7. Contacting your child during the day. Please contact the school office on [number]. The office will pass on urgent messages. Pupils needing to contact home during the day should ask at the office.
8. Online safety. Keeping phones away during the day supports, but does not replace, our online safety teaching. [Reference your online safety or PSHE curriculum.]
9. Review. This policy was approved by [governing body/trust] on [date] and will be reviewed by [date].
How this sits with your acceptable use policy
This is a phone policy, not an online safety curriculum. It sits alongside, and does not replace, your wider acceptable use policy and your online safety and PSHE teaching. Clause 8 is the hook to reference both.
A short note to send with it
Parents respond better when they understand the why, briefly. A line like: “From this term, phones are off and away during the school day. Your child can still bring a phone for the journey. If you need to reach them, please call the office. Thank you for backing this. It works best when home and school are saying the same thing.”

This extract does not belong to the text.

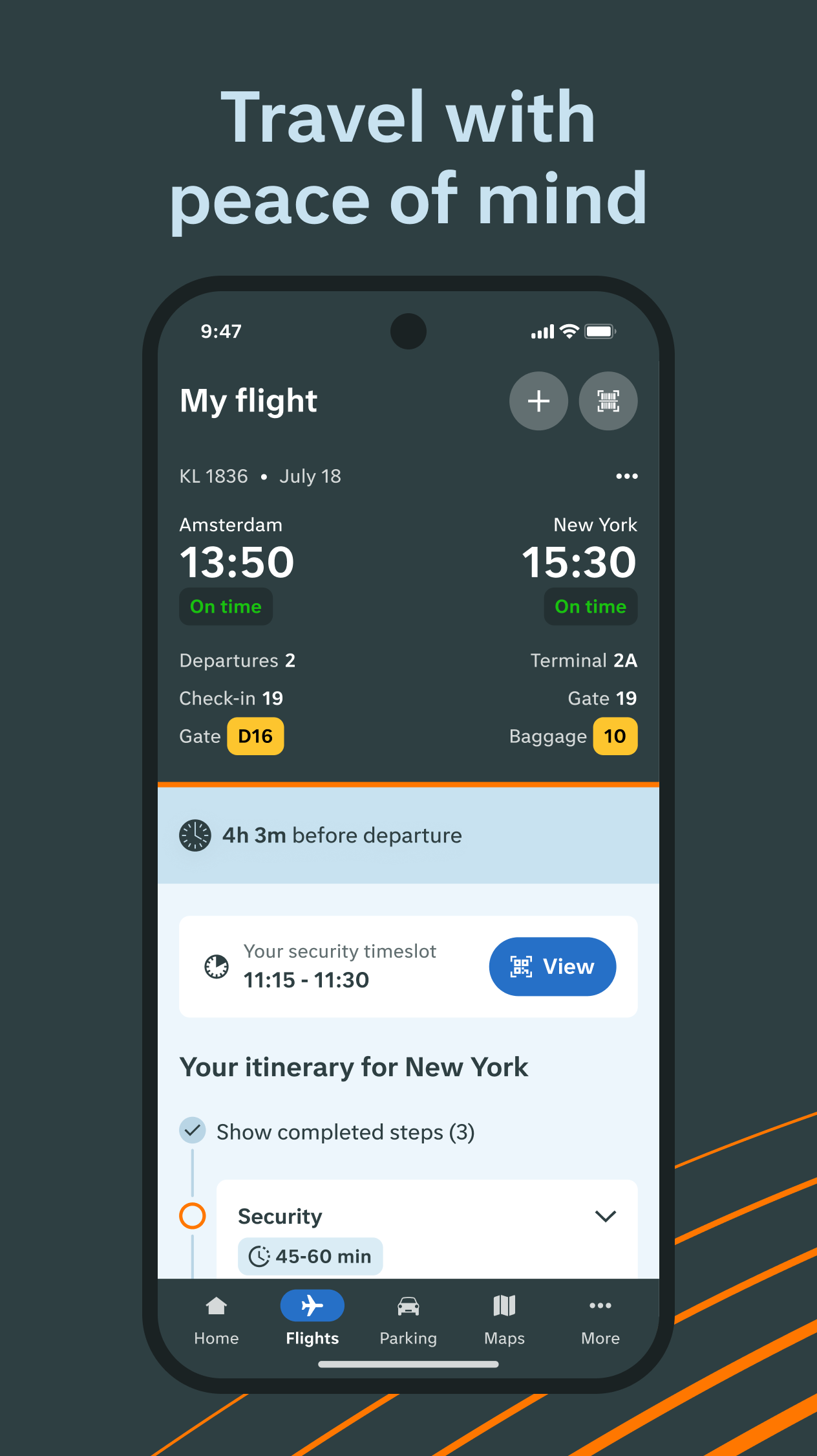 Navigate through Schiphol Airport with ease and stay updated on flight information.

If your school is also fielding the “what phone” question
Plenty of parents, once they know phones are away all day, decide the journey only needs a basic handset. If families ask you what to get, point them at our ranked list of simple phones and the ninety-second picker. The wider school-side guidance, including a note for senior leaders and an assembly outline, is on our page for teachers and carers.
Common questions
Does the guidance require a specific method? No. It sets the expectation that schools are mobile-phone-free by default during the day. The method (off-and-away, hand-in, lockers or pouches) is for each school to choose.
Can pupils still bring a phone to school? Yes, unless your school decides otherwise. The common approach is that a phone may be carried for the journey but not used or seen during the day.
Where can I read the official guidance? Search for “Mobile phones in schools” on GOV.UK for the DfE guidance, and the House of Commons Library briefing of the same name for a policy summary.
Is the policy different for a primary school? The structure is the same. Primary schools tend to pick off and away or a full no-phones-on-site rule, since a phone is rarely needed for a short supervised journey. Keep the journey line in clause 3 if some children walk home alone. Secondaries more often use lockers or pouches.
Do we need a separate staff phone policy? A short clause is usually enough. Staff model the rule, so personal phones are not used in front of pupils during lessons or supervision except for an agreed work purpose. Add clause 4a above.
Can an academy trust adopt one policy across all its schools? Yes. A trust can run one policy and leave the method open per school, with sign-off at trust board level.
Does the policy cover smartwatches? Yes. Clause 2 already covers smartwatches with messaging or internet, and any device that can call, message or browse.
How does this fit Ofsted? Ofsted has looked at how a school’s mobile phone policy works in practice since September 2024, so the thing that matters is a clear policy that staff apply consistently, not the choice of method.
This template is offered free for any UK school to adapt. It’s based on Department for Education guidance (GOV.UK) and isn’t a substitute for your own governance sign-off.